Europe’s Life-Long Nazi Hunters Horrified By Rise In Anti-Semitism
Serge and Beate Klarsfeld, two of Europe’s most famous Nazi hunters, are preparing to publish a memoir as they confront Europe’s rising anti-Semitism and xenophobia, the Washington Post reported.
Over five decades the Klarsfelds, who are married, have tracked Nazis from Paris, their home, to as far away as Syria and Bolivia. Their most famous catch, Klaus Barbie, called the Butcher of Lyon, was extradited to France after their extensive lobbying of the French government and convicted of crimes against humanity in 1991.
“All my troubles in the past started when Madame Klarsfeld came to Bolivia,” Barbie said when his trial began.
But now the couple fears that Europe is forgetting the memory of the Holocaust.
“The young today don’t know hunger. They don’t know war,” said Serge Klarsfeld, who is Jewish and whose father died in Auschwitz. “They don’t know that the European Union brought to Europe so much, and they don’t know that the generation that came before them worked so hard for what there is.”

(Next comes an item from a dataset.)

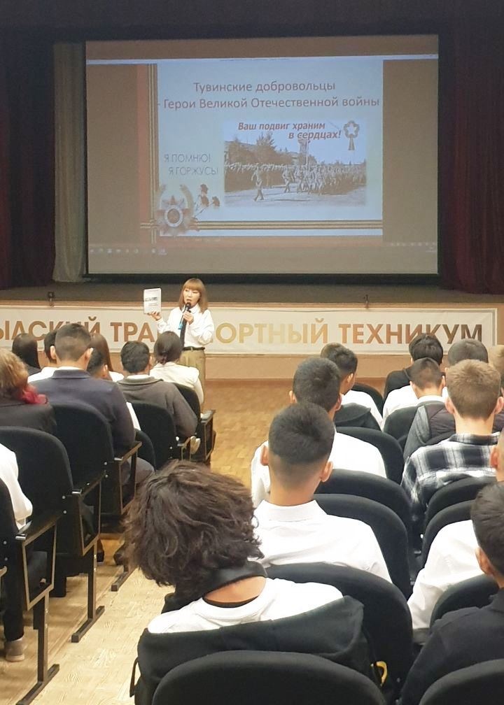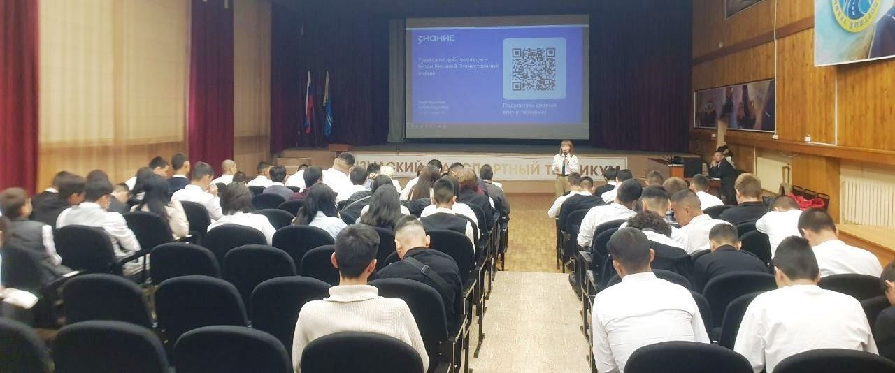 Сегодня в День исторической памяти и чести тувинских добровольцев в Кызылском транспортном техникуме для студентов состоялся патриотический час «Тувинские добровольцы – Герои Великой Отечественной войны».

They hope an English translation of their memoir, “Hunting the Truth,” will help change that. The story covers Serge’s memories of watching his father be taken away by the Gestapo, and Beate’s memories of her German Protestant upbringing, and her parents who she says “sleepwalked” through World War II.
The couple has been behind seminal moments in Holocaust awareness history, such as when Beate slapped the West German Chancellor Kurt Keieinger in 1968 for being a member of the Nazi party.
“We fight for values that we will defend the rest of our lives,” Serge said. “After we die, we can’t say what will happen.”